Editor’s Note: Noura Jackson’s horrific story is told in Emily Bazelon’s ground-breaking and prize-winning book Charged: The New Movement to Transform American Prosecution and End Mass Incarceration (2019).


“Justice hasn’t been served yet”: An Interview with Noura Jackson

In 2005, 18-year-old Noura Jackson was wrongly convicted of stabbing her mother to death, despite the fact that no physical evidence linked her to the crime scene and instead indicated two to three unidentified perpetrators. In 2014, her conviction was vacated, but Jackson remained in prison while the district attorney considered trying her again. Eventually, the district attorney offered Jackson the controversial Alford plea, which allowed her to assert her innocence while conceding that there was enough evidence to reconvict her. Jackson accepted, and was finally freed in 2016.

Amanda Knox 

Do you mind telling me a very brief synopsis of your wrongful conviction?

Noura Jackson 

In 2005, my mother was killed in what I can assume was a home invasion.
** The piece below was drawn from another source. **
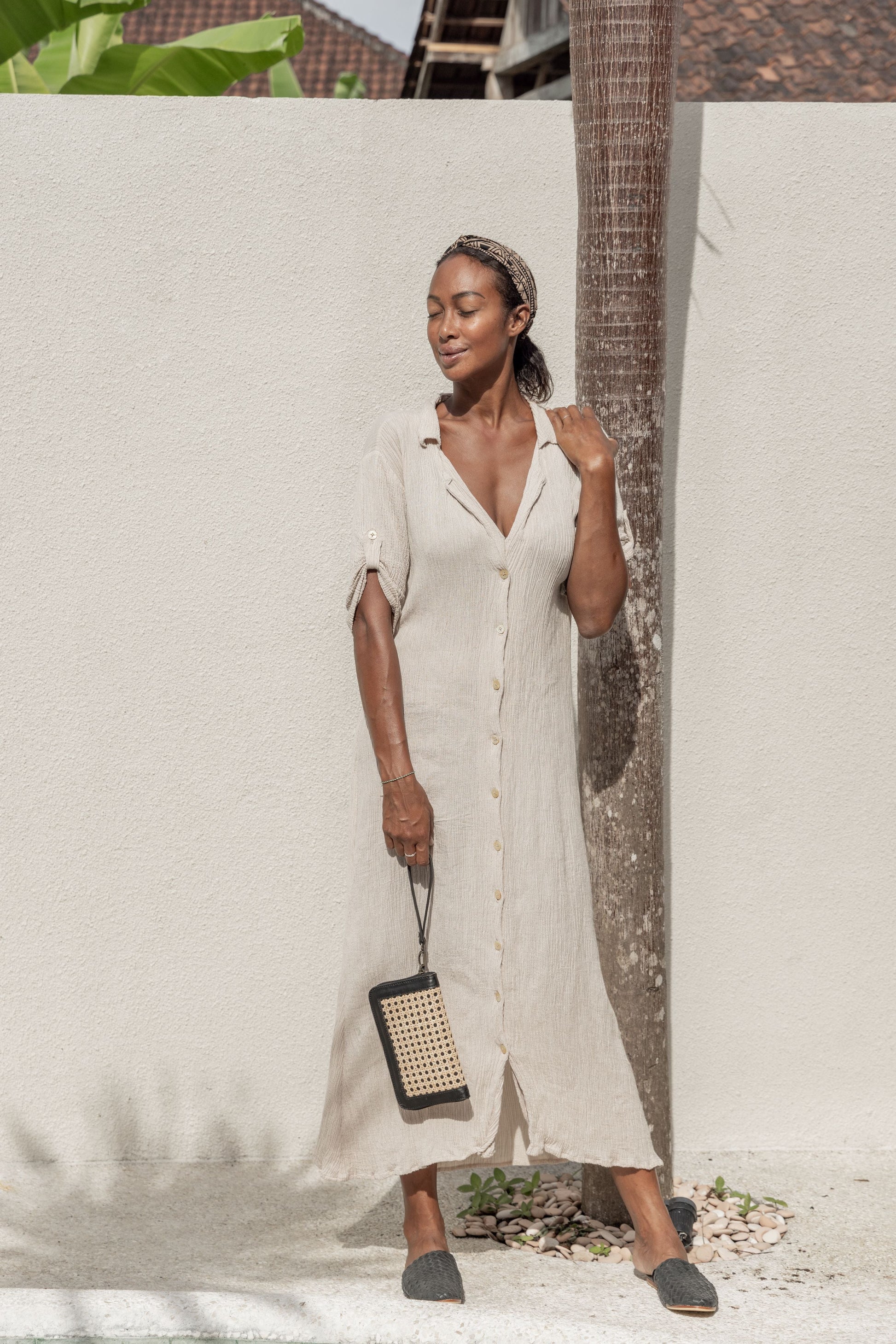 Description This elevated wallet features genuine leather detailing and cane webbing along with ample storage space. The natural elements of this bag combine beautifully to create a modern and bohemian feel. Each bag is handmade by our Balinese Artisan Partners and tells a story of craft, culture and innovation. Available in two colorways - Black and Camel. Size 9"L x 5.5"W Materials Rattan Leather

Four months later, I was arrested. I was held pre trial for three and a half years, went to trial, and had what you call a “compromised verdict.” I was originally charged with first degree murder. I think the jury was ready to go home after being sequestered for 13 days, and they brought down a conviction of second degree murder. I was sentenced to 20 years and nine months. I went to prison in 2009. In 2014, the Tennessee Supreme Court unanimously overturned my verdict. After five months in the county jail, I ended up taking an Alford plea. I was told that I would walk out that day. You of all people can imagine, when you’re sitting there and you think you might not ever go home, and then being told you can walk out the next day, it’s pretty heavy. I was just tired and I realized I wasn’t going to get a fair shake in Shelby County, and so my lawyers convinced me that would be a good idea and I would walk out the next day. And it turns out, I went back to prison for 15 months. After 15 months, I experated my sentence, I have been home ever since.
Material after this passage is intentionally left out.